- Education: University of Maryland (BS); University at Albany, SUNY (PhD);
- Awards: Received Society for Biomolecular Sciences (SBS) Accomplishment Award (2007);
- Scientific career
- Workplaces: University of Pittsburgh
- Website: www.researchgate.net/profile/D_Taylor5;

= D. Lansing Taylor =

American biologist

D. Lansing Taylor is the Director at the University of Pittsburgh Drug Discovery Institute (UPDDI), Pennsylvania and a faculty member in the Department of Computational and Systems Biology.

==Early life and education==
Lansing Taylor was born in Baltimore, Maryland. He received his B.S. in zoology from the University of Maryland, followed by his Ph.D. in the field of cell biology from the State University of New York at Albany. He spent a postdoctoral fellowship at the Marine Biological Laboratory (MBL) in Woods Hole in the field of cellular biophysics.

==Research and career==
Lansing Taylor originally did research on the cellular and molecular mechanisms of Amoeboid movements at Harvard University as an assistant and associate professor. He moved to Carnegie Mellon University (CMU) as a professor to direct the Center for Fluorescence Research where he led the program to develop fluorescence-based biosensors of cellular physiology and light microscope imaging systems for various applications in basic biomedical research. During this time he co-founded Biological Detection Systems to commercialize fluorescence-based reagents and research imaging platforms, later purchased by Amersham, now GE Life Sciences.
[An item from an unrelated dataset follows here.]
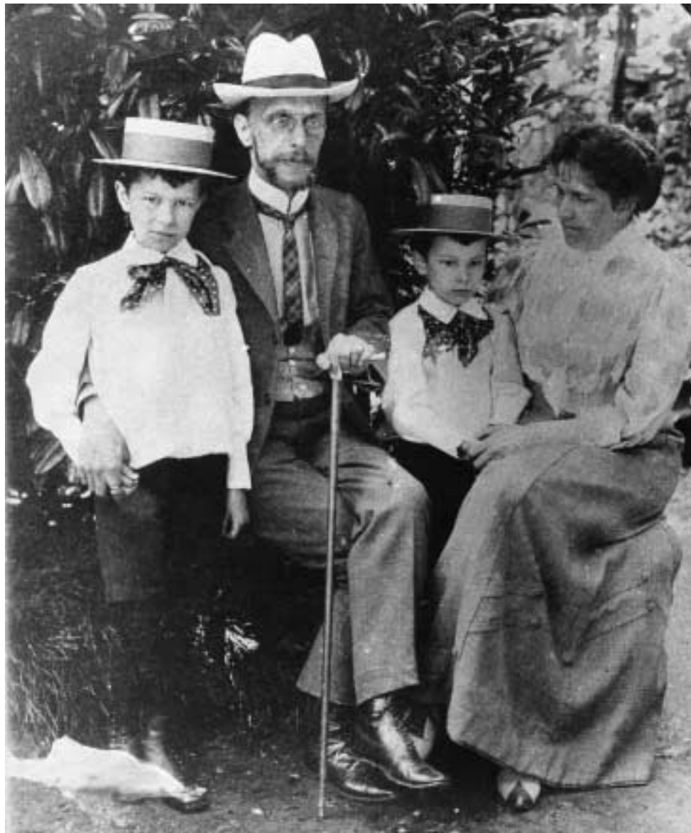
Рис. 1.1.1. В. П. Семенов-Тян-Шанский с семьей

Lans left CMU to found Cellomics and created High Content Screening (HCS) for large-scale phenotypic screening for drug discovery and development which later became part of ThermoFisher. Cellumen was the next company founded by Lans to apply systems cell biology to both drug safety testing (now part of Cyprotex) and cancer diagnostics. The cancer diagnostics unit was spun off as Cernostics and they created a test for Barrett's Esophagus. He returned to academia as the Director of the UPDDI. His current research interests include the development and application of human microphysiology systems as more advanced experimental models for drug discovery and development, the application of quantitative systems pharmacology (QSP) for a new paradigm in drug discovery and computational and systems pathology to predict therapeutic strategies for a variety of diseases. He is the co-founder and Chairman of SpIntellx, a computational and systems pathology company with focus on spatial analytics and explainable AI (xAI).

==Awards and honors==
D. Lansing Taylor received the Society for Biomolecular Sciences (SBS) Accomplishment Award for the development of High-Content Screening (HCS). His additional awards include the Smithsonian Award for developing live cell imaging technologies and the Mack Fulwyler Award from the International Society for Advancement of Cytometry (ISAC) for outstanding contributions to the field of cytometry. Lans is a Fellow of the American Institute for Medical and Biomedical Engineering. Honors include receiving the National Science Foundation Pioneer Award for recognition of the vision, leadership and entrepreneurial spirit for the Science and Technology Centers and the Ernst & Young Entrepreneur of the Year in Pennsylvania for Cellomics.

==Grants==

- D. Lansing Taylor research on Human Microphysiology Systems Disease Model of Type 2 Diabetes Starting with Liver and pancreatic Islets was funded by the National Institute of Health (NIH) agency and the project started on 20 September 2018 and it will end on 31 July 2023.
- D. Lansing Taylor research on Harnessing human brain and liver microphysiological systems for testing therapeutics for metastatic melanoma was funded by the National Institute of Health (NIH) agency and the project started on 1 August 2018 and it will end on 31 July 2023.
- D. Lansing Taylor research on Applying a Human Liver Microphysiology System to Develop Therapeutic Strategies for Non-Alcoholic Fatty Liver Disease (NAFLD) was funded by the National Institute of Health (NIH) agency and the project started on 1 August 2018 and it will end on 30 April 2022.

==Patents==
Dr. Taylor has obtained more than 29 patents for his inventions. His patents include;
- Standing wave luminescence microscopy, (1986).
- System for Cell-based screening, (1999).
- Field synthesis and optical subsectioning for standing wave microscopy, (2000).
- Miniaturized cell array methods and apparatus for cell-based screening, (2000).
- Method for automated tissue analysis, (2012).